Only the lines from the top of the listing below to the line that has "لوسیون کف سر" should be echoed, with both ends kept and pictures left out.
-------- RECORDED INFORMATION --------
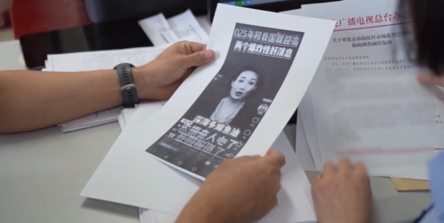 通过举报人提供的视频链接,办案人员打开该企业直播间,在这个拥有88万粉丝的账号直播间展板上,显著标注着“适合头晕头痛、手麻脚麻、记忆下降人群”等医疗用语;直播中还出现了中央广播电视总台主持人李梓萌的形象。
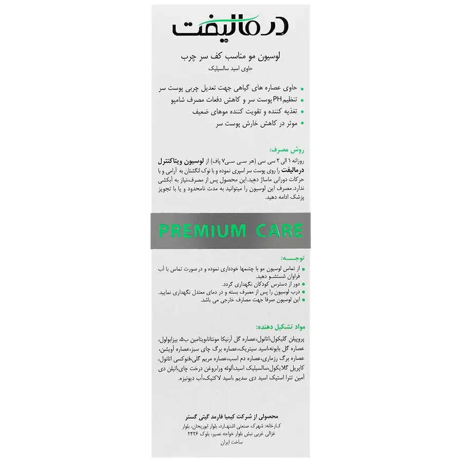 لوسیون کف سر چرب درمالیفت مدل Vitacontrol یک محصول تخصصی برای افرادی است که از چربی زیاد پوست سر، شورههای مقاوم، خارش و ریزش مو رنج میبرند. این لوسیون با بهرهگیری از ترکیبات گیاهی، ضد قارچ و آنتیاکسیدانها به صورت موثر چربی پوست سر را کنترل کرده، منافذ را پاکسازی میکند و به تقویت فولیکولهای مو کمک میکند.
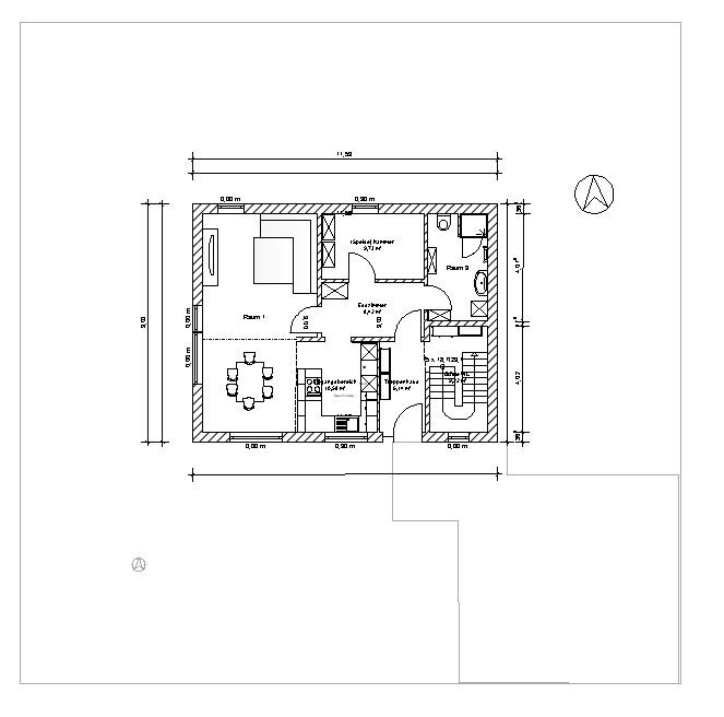 so ich probiers auch mal. Wir haben ein Grundstück mit Zufahrt von der Südseite gekauft, die Auswahl war nicht wirklich vorhanden und wir sind froh zumindest, dass ein Zuhause für unsere Familie zumindest mal in mögliche Nähe rückt. Die Detailplanung gestaltet sich dann doch nicht so einfach. Wie gesagt die Südseite unseres Hauses wäre zur Straße ausgerichtet und von daher sind die meisten Grundrisse der Fertighausanbieter nicht gleich umsetzbar. Wir haben einen Vorschlag vom örtlichen Bauunternehmer und dessen unterstützendem Architekten bekommen. Das hat mich final auch noch nicht überzeugt (wesentliches ist vorhanden außer Eingangsbereich und Treppenhaus) und ich habe mir selbst Gedanken gemacht - vllt auch einfach um bei der Vorstellung klarer zu werden. Da wir mit Keller bauen und auch aus den Erfahrungen unser bisherigen Mietwohnung wäre eine gerade begehbare Treppe wünschenswert. Da unsere Wohnung aktuell komplett offen gestaltet ist, tendieren wir eher zu einem geschlossenem Raumkonzept über die Etagen hinweg.
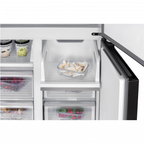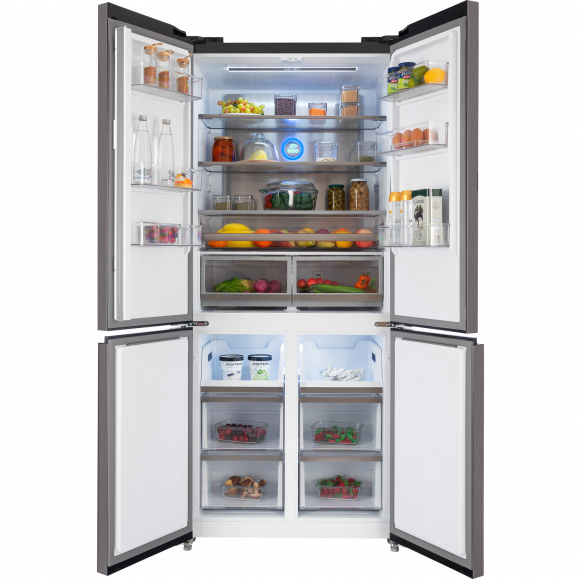 Четырехдверный холодильник HIBERG RFQ-600DX NFDs в эффектном цвете «темный камень» с возможностью встраивания идеально впишется в кухонный гарнитур, создаст стильную и уютную атмосферу. Модель общим объемом 526 литров предназначена для хранения большого количества продуктов и напитков в частных и загородных домах, просторных квартирах и современных крупных офисах.
--------
- [ANSWER BELOW]:
 通过举报人提供的视频链接,办案人员打开该企业直播间,在这个拥有88万粉丝的账号直播间展板上,显著标注着“适合头晕头痛、手麻脚麻、记忆下降人群”等医疗用语;直播中还出现了中央广播电视总台主持人李梓萌的形象。
 لوسیون کف سر چرب درمالیفت مدل Vitacontrol یک محصول تخصصی برای افرادی است که از چربی زیاد پوست سر، شورههای مقاوم، خارش و ریزش مو رنج میبرند. این لوسیون با بهرهگیری از ترکیبات گیاهی، ضد قارچ و آنتیاکسیدانها به صورت موثر چربی پوست سر را کنترل کرده، منافذ را پاکسازی میکند و به تقویت فولیکولهای مو کمک میکند.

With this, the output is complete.